This is a fascinating example of the potential consequences of American bank depositors failing to understand what their bank deposits are:
Leading US banks have warned that they could start charging companies and consumers for deposits if the US Federal Reserve cuts the interest it pays on bank reserves. Depositors already have to cope with near-zero interest rates, but paying just to leave money in the bank would be highly unusual and unwelcome for companies and households.
This is akin to the credit card company paying you for the privilege of borrowing their money. It should also eliminate any last vestige of belief in the idea that the Federal Reserve, the Congress, or the banks have any capacity for putting either the economy or the American people before their own short-term pecuniary interests.

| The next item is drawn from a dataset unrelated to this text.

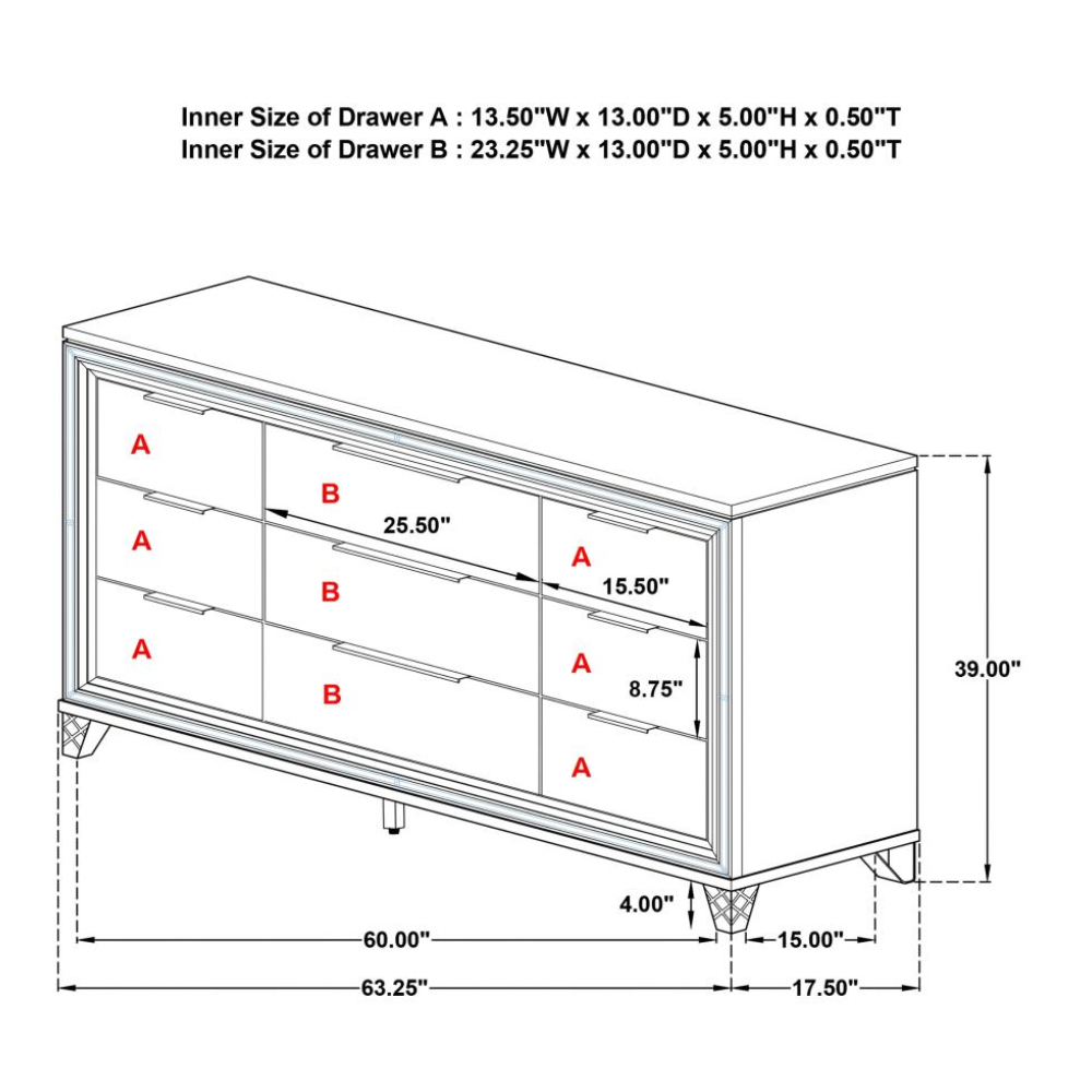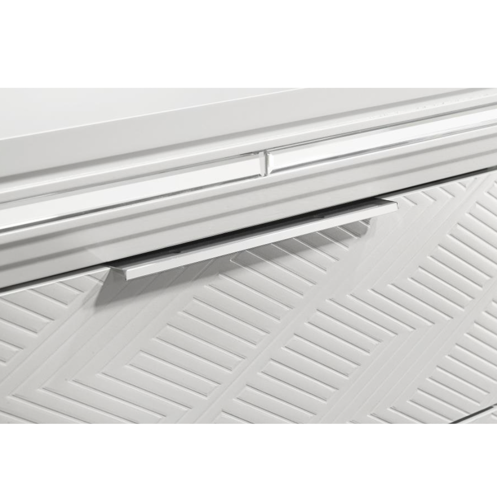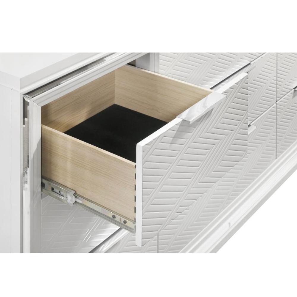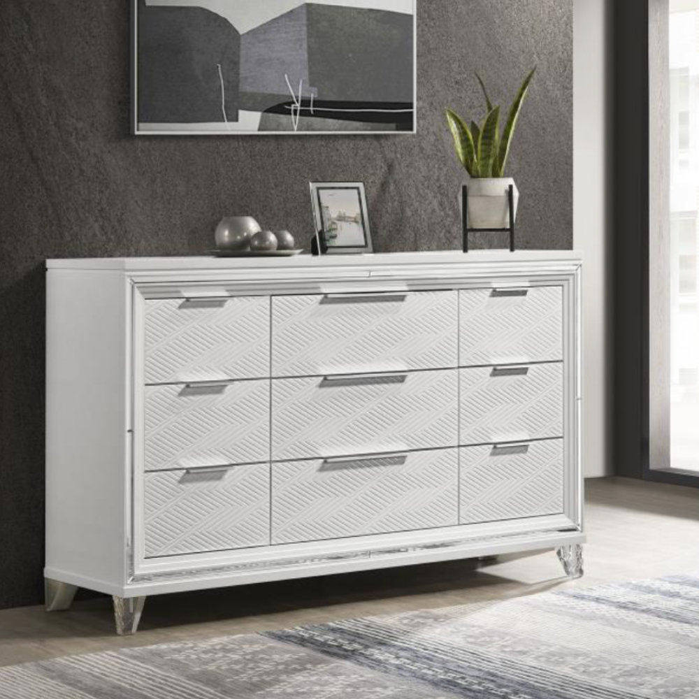 Elevate your bedroom with this modern Italian-inspired 9-drawer dresser, featuring a crisp white finish with embossed herringbone patterns and picture-framed recessed panels. Mirror framing, polished chrome hardware, and acrylic legs add a touch of glamour, while the top center drawer includes a removable jewelry tray for added convenience. Crafted from Asian hardwood, MDF, and mirror, this dresser offers a perfect blend of style and practicality.

Just to make it clear, your bank deposit is a loan you make to the bank. It is an unsecured loan that the bank can utilize in any way it pleases, and since it is unsecured, if the bank happens to lose the money by making bad investments or spending it on cocaine and expensive hookers, you have no legal recourse. This is why John Corzine is not only not in jail, but hasn’t even been charged with a crime; he didn’t commit one.
It’s not stealing if you’re dumb enough to give them the money in return for an unsecured promise to pay it back so long as you ask for it before they don’t have it on hand.
And note that this is bank industry opposition to a rate cut, not the much-feared rate increase.